De deugd welke op zichzelf staat is 'dat' wat de zoeker naar Waarheid kan brengen, want daar hadden we het over.
Citaat:
Nisargadatta's 'super-ik' betekent voor mij dat er iets de baas is boven het 'ik', iets dat het 'ik' op de achtergrond schuift als niet zijnde de kapitein op het schip.
|
Deze formulering, daar kan ik me niet in vinden omdat het geen recht doet aan de werkelijkheid. In enkelvoudig bewustzijn is er geen baas, ook geen baas boven het 'ik'. Als Nisargadatta dat zo verwoord heeft, dan is dat hiërarchisch denken.
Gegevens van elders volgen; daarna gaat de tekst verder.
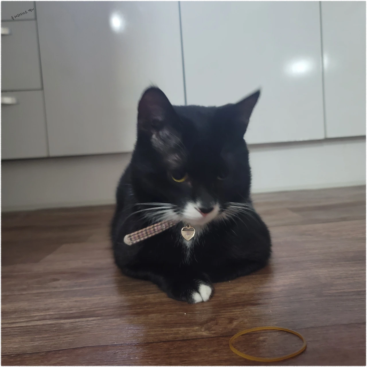 한참을 왔다 갔다 하며 뛰어다니던 아이들이 각자 다른 위치에서 배를 깔고 누워있는데, 흑미는 주로 보일러가 도는 곳에서, 온이는 조금 차가운 곳에서 누워있다. 좋아하는 곳도 다르고 성향도 정말 다른 두 아이는 벌써 체력이 끝났는지 장난감에도 어떤 미동도 하지 않는다. 그저 눈만 왔다 갔다 할 뿐이다.

Wat er in het proces van zelfkennis gebeurd is dat middels het schouwen het brandpunt van 'je' bewustzijn zich verplaatst van je zelf naar de ander. Maar zonder 'je' zelf te minachten. Door die verschuiving van het brandpunt leer je 'zien' dat bewustzijn a. een brandpunt heeft en b. dat het 'veel' is wat je ziet. Het "ik en de ander" zijn dat veel. 'Veel' leer je zien als verschijnselen waarvan je er zelf ook een (wordend) bent.
In dat proces openbaart zich de deugd welke zich voordoet als een daadwerkelijk meevoelen, mededogen met de ander. Het is dan fijn om deugd te zijn.